Common Pitfalls and Best Practices
NULL Handling:
NULLs in the ORDER BY column can produce unexpected results. By default, NULLs sort last in ascending order:
-- NULLs will be in the highest bucket
SELECT
customer_id,
last_purchase_amount,
NTILE(4) OVER (ORDER BY last_purchase_amount) as quartile
FROM customers;
-- Force NULLs to lowest bucket
SELECT
customer_id,
last_purchase_amount,
NTILE(4) OVER (ORDER BY last_purchase_amount NULLS FIRST) as quartile
FROM customers;
Performance Considerations:
NTILE requires sorting the entire result set, which can be expensive on large tables. Always ensure appropriate indexes exist on columns used in ORDER BY:
CREATE INDEX idx_customers_lifetime_value
ON customers(lifetime_value DESC);
For very large tables, consider materializing NTILE results if they’re used repeatedly:
CREATE MATERIALIZED VIEW customer_segments AS
SELECT
customer_id,
lifetime_value,
NTILE(5) OVER (ORDER BY lifetime_value DESC) as segment
FROM customers;
CREATE INDEX idx_customer_segments_segment
ON customer_segments(segment);
Filtering on NTILE Results:
You cannot use window functions directly in WHERE clauses. Always use a CTE or subquery:
-- This FAILS
SELECT * FROM customers
WHERE NTILE(5) OVER (ORDER BY lifetime_value DESC) = 1;
-- This WORKS
WITH customer_tiers AS (
SELECT
customer_id,
customer_name,
lifetime_value,
NTILE(5) OVER (ORDER BY lifetime_value DESC) as tier
FROM customers
)
SELECT * FROM customer_tiers WHERE tier = 1;
The CTE approach is cleaner and more readable.

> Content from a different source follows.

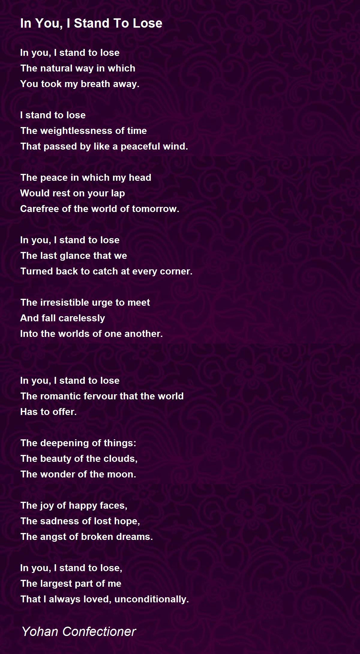 In you, I stand to lose,

It also allows you to reuse the tier calculation in multiple places within your query.
Choosing the Right Number of Buckets:
More buckets provide finer granularity but require more rows for meaningful distribution. As a rule of thumb, aim for at least 10-20 rows per bucket. With 100 rows, NTILE(10) works well, but NTILE(50) creates buckets with only 2 rows each, reducing analytical value.
NTILE is a powerful tool for data segmentation in PostgreSQL. Master it, and you’ll find countless applications in analytics, reporting, and data-driven decision making.